● What the task asks
Give back only the line containing "在白麗陵里也是數一數二的美少" and every line after it through the end of the data below, transcribed exactly.
==== Records for this exercise ====
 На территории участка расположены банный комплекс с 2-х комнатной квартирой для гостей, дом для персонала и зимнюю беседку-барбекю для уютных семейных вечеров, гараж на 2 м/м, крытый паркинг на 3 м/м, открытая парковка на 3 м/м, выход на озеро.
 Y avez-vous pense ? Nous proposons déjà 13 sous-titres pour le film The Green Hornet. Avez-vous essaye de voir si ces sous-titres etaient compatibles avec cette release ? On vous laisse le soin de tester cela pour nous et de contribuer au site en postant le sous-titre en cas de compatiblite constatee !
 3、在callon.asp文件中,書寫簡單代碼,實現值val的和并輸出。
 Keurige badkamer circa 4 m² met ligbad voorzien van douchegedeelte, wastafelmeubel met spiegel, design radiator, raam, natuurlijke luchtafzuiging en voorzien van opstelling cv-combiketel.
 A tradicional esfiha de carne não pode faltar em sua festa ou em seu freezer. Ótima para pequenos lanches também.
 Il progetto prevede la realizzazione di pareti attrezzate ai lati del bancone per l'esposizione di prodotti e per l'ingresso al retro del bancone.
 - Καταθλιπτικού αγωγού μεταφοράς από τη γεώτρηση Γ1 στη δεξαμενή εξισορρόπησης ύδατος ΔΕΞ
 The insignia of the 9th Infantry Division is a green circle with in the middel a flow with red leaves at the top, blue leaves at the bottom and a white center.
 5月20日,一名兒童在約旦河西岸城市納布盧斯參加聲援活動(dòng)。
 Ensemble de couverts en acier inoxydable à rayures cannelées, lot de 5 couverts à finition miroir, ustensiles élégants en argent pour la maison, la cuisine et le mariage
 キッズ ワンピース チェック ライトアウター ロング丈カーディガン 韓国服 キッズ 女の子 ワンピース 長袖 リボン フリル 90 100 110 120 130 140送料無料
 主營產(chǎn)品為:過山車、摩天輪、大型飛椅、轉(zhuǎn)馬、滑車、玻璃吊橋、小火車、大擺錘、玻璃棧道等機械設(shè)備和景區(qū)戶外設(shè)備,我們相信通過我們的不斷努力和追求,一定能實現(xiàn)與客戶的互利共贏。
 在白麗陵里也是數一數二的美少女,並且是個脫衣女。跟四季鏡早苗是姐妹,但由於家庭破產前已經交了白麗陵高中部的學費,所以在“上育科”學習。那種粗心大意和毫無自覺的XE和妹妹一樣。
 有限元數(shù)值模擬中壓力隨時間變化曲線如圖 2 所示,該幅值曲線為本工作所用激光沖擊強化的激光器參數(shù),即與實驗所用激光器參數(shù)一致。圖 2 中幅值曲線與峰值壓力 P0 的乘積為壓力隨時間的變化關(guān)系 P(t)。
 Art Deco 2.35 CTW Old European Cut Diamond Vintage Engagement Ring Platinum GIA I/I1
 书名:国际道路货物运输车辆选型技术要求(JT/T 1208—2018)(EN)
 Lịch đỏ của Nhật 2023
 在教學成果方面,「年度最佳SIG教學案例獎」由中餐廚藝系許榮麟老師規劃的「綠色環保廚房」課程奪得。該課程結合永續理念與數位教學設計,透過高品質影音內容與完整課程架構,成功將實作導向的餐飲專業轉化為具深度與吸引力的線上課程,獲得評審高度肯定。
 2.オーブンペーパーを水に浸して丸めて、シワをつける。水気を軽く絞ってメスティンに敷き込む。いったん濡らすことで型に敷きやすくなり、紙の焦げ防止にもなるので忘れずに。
====
● Expected answer
 在白麗陵里也是數一數二的美少女,並且是個脫衣女。跟四季鏡早苗是姐妹,但由於家庭破產前已經交了白麗陵高中部的學費,所以在“上育科”學習。那種粗心大意和毫無自覺的XE和妹妹一樣。
 有限元數(shù)值模擬中壓力隨時間變化曲線如圖 2 所示,該幅值曲線為本工作所用激光沖擊強化的激光器參數(shù),即與實驗所用激光器參數(shù)一致。圖 2 中幅值曲線與峰值壓力 P0 的乘積為壓力隨時間的變化關(guān)系 P(t)。
 Art Deco 2.35 CTW Old European Cut Diamond Vintage Engagement Ring Platinum GIA I/I1
 书名:国际道路货物运输车辆选型技术要求(JT/T 1208—2018)(EN)
 Lịch đỏ của Nhật 2023
 在教學成果方面,「年度最佳SIG教學案例獎」由中餐廚藝系許榮麟老師規劃的「綠色環保廚房」課程奪得。該課程結合永續理念與數位教學設計,透過高品質影音內容與完整課程架構,成功將實作導向的餐飲專業轉化為具深度與吸引力的線上課程,獲得評審高度肯定。
 2.オーブンペーパーを水に浸して丸めて、シワをつける。水気を軽く絞ってメスティンに敷き込む。いったん濡らすことで型に敷きやすくなり、紙の焦げ防止にもなるので忘れずに。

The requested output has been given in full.